Tidak seperti wajah irent yang biasanya datar, atau senyum irent yang manis, wajah tenang irent terlihat sangat cantik dan sanggup menyejukkan pikirannya yang masih berkecamuk karena masalah semalam.
Saat mereka sedang menyusuri hutan dan sekarang mulai senja, dari kejauhan irent melihat mata air yang sangat jernih. Irent berlari kecil untuk pergi ke mata air itu. Justin hanya mengikuti ke mana gadis itu pergi. Wajah manis irent kembali nampak saat dia tersenyum memainkan air itu.
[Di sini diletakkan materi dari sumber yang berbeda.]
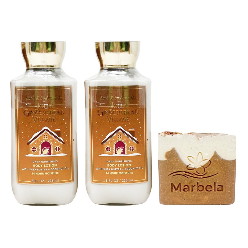Bath & Body Works Jolly Gingerbread Village - 2 Pack Of Daily nourishing Body Lotion with a Marbela Yamma Jamma Bar Soap (Marbela Soap May Vary).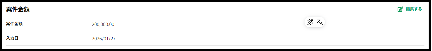 案件の金額を登録することができます、登録時には金額と一緒に入力日が自動で登録されます。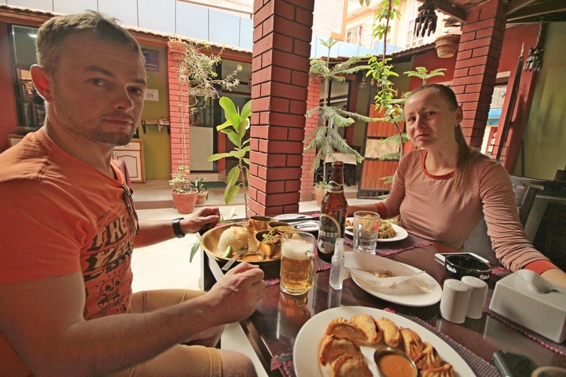Передо мной – дал-бат и местное пиво "Еверест". Кирилл момо не ест – фотографирует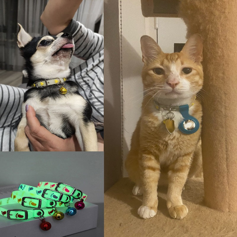 Pet collars that glow in the dark and have bells attached. They are made of silica gel and can be used for both dogs and cats. They are considered luminous neck accessories.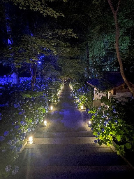 「あじさい寺」とも呼ばれ、紫陽花が咲き誇り、まるで青い絨毯のような幻想的な風景が広がります。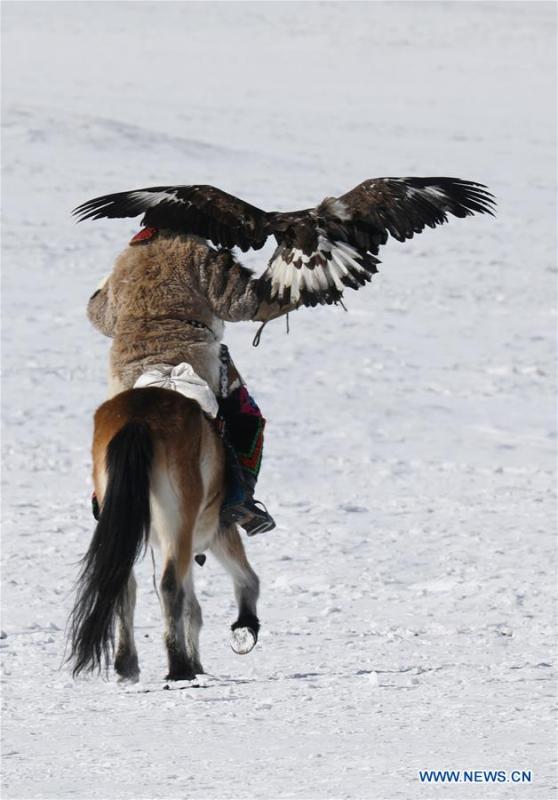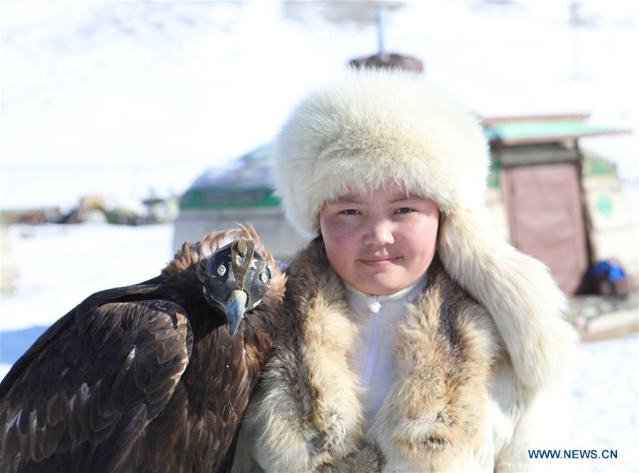 An eagle hunter attends the Spring Golden Eagle Festival near the Mongolian capital city of Ulan Bator on March 4, 2018. The Spring Golden Eagle Festival, a traditional Mongolian festival, opened near the capital city of Ulan Bator on Sunday, with the aim to promote ethnic Kazakh cultures and boost tourism. Twenty eagle hunters aged 14-86 are competing in the 11th edition of the two-day festival. (Xinhua/Asigang)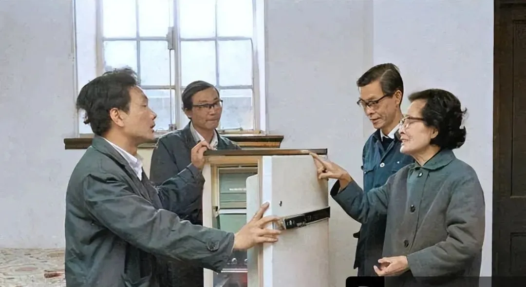 这个白色立柜叫双门电冰箱,上冷冻下冷藏,门把手是黑色横条,开关卡嗒一响,灯泡就亮起来了,最怕的就是夏天突然不制冷,冰激凌化成一滩,照片里这位穿工作服的师傅正在检查压缩机,另一位在一旁解释,阿姨您听这声,像喘不上气似的,就是缺氟了,给您补上再把圈清一清,阿姨连连点头,说可得麻烦你们了,这冰箱里还冷着明天宴客用的啤酒呢,那个年代能请到上门维修,邻居都得探出头来问一句,修好了没,多少钱,心里门儿清,家里有冰箱,待客就是不一样。

Walau pun keadaannya belum membaik tapi dia sangat menikmati perjalanan ini. Dia membuka peta dan kompas untuk bisa mengetahui dimana mereka sekarang. Ternyata mereka sudah cukup jauh berjalan.
Saat ingin menghampiri irent tiba-tiba justin merasakan kepalanya pusing dan terasa sangat berat. Dia mencari sesuatu untuk dipegang agar bisa bertahan. Akhirnya, tangan itu jatuh tepat di pundak irent. Irent kaget tiba-tiba bahunya di pegang dengan sangat kuat. Irent berbalik untuk melihat apa yang sebenarnya terjadi.
“Justin! Justin lo nggak papa? Jangan buat gue khawatir dong.” Irent menyanggah justin dan menepuk pelan pipi justin untuk menyadarkannya.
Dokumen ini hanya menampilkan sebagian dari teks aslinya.